Quantum mechanical calculations have been performed to study the fragmentation dynamics of the Ar-NH3 van der Waals complex excited in the ν2 ("umbrella") vibrational level with υ2=1. Vibrational predissociation has been investigated for different initial quasibound states, corresponding to excitation in the stretching or bending van der Waals levels or in the tunneling motion of the NH3 umbrella inversion, for both ortho and para varieties of NH 3, and for three values of the total angular momentum J and its projection Ω onto the intermolecular axis, (J,Ω)=(0,0), (1,0), and (1,±1). The calculations were performed for two different intermolecular potential energy surfaces, one determined ab initio by Bulski et al. [J. Chem.
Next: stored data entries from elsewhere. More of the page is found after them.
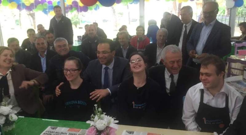 Gençlik Merkezinin ardından, Down Sendromlu gençlerin çalıştığı +1 Down Kafenin çalışanlarıyla bir araya geldi. Burada da, gençlerle uzun süre sohbet eden Yüksel " Türkiye'de ender örneklerini gördüğümüz projelerden biri, Bornova belediyemizin öncülüğünde hayata geçirilmiş. Bu kafenin çalışanlarının güler yüzünü ve sıcak sohbetini başka hiç bir yerde görmedim. Down Sendromlu gençlerimizin bizlerden eksiği değil, fazlası olduğunu artık herkes biliyor ama, bunu iş hayatında görmek ayrı bir mutluluk oldu. Fırsat ve imkan verildiğinde, bu gençlerimizin iş hayatında da nasıl başarılı olacaklarını burada görüyoruz. Dilerim ki bu tür mekanlar daha da çoğalır" dedi.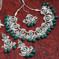 Karatcart Oxidised Silver Green Tumble Kundan Choker Necklace Setfor Women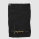 Einfache Girly Clean Minimalistisch Black und Gold Monogram Name Signature Script Custom Personalisiert Golf Handtuch. Dieses Design mit Ihrem Vornamen in einem hübschen handgeschriebenen Stil Swash Schwanz Schriftart Signatur Typografie (oder Kalligrafie) auf schwarz und goldfarben Hintergrund. Diese sind einfach zu anpassen. Große stilvolle feminine Geburtstagsgeschenke, auch für den Muttertag, Hochzeit, Jubiläum, Junggeselinnen-Abschied, Brautparty und Es ist für das Mädchen, das Lieben einzigartige, saubere minimalistische Dinge.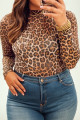 Brown Plus Size Mock Neck Leopard Mesh Top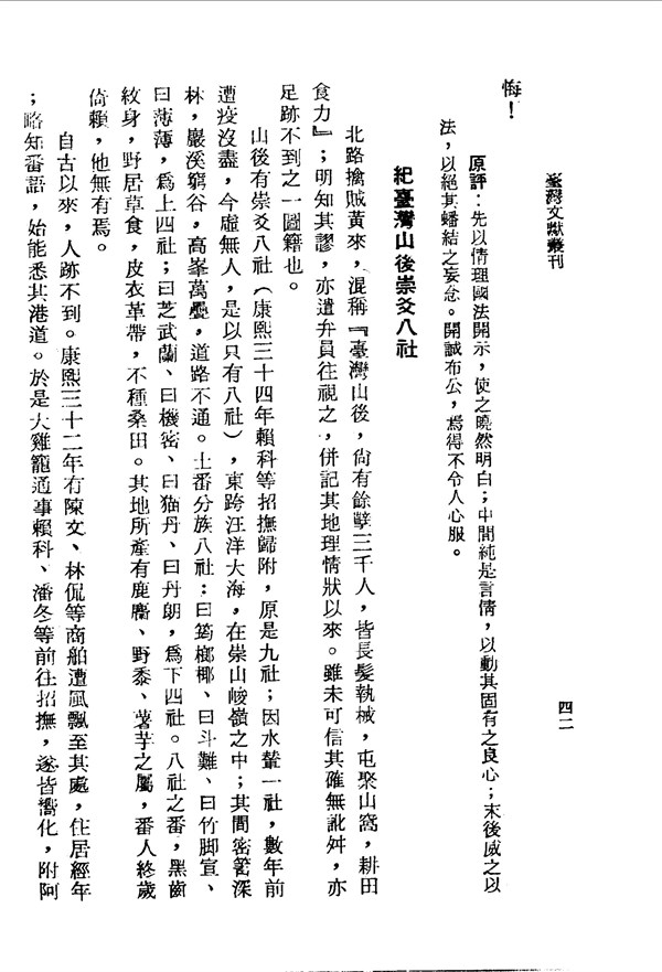 台灣山後崇爻八社 東征集卷六 台灣文獻史料叢刊 -

Phys. 94, 491 (1991)], and the other where the ab initio potential has been scaled to fit spectroscopic data of Ar-NH3, proposed by van Bladel et al [J. Phys. Chem. 95, 5414 (1991)]. The lifetime obtained from the ab initio potential lies within the limits set by experiment for the lowest ortho Π (i.e., |Ω|=1) level with J=1, while the scaled potential gives too short a lifetime. The results also show that excitation of the van der Waals stretching mode accelerates the predissociation but does not affect the NH3 final state rotational distribution very much. On the other hand, bending or tunneling excitation does lead to a very different final rotational state distribution. Ortho states have very similar final state distributions for Σ(|Ω|=0) and Π(|Ω|=1) states, but this is not true for para states. Finally, comparing the ab initio and scaled potentials, no systematic trend emerges for the amount of even (+) and odd (-) symmetry of the final states, but the scaling of the potential shortens the lifetimes, gives a wider final state rotational distribution, and provides more excitation in the k quantum number (the projection of the NH3 rotational angular momentum on its C3 axis). © 1995 American Institute of Physics.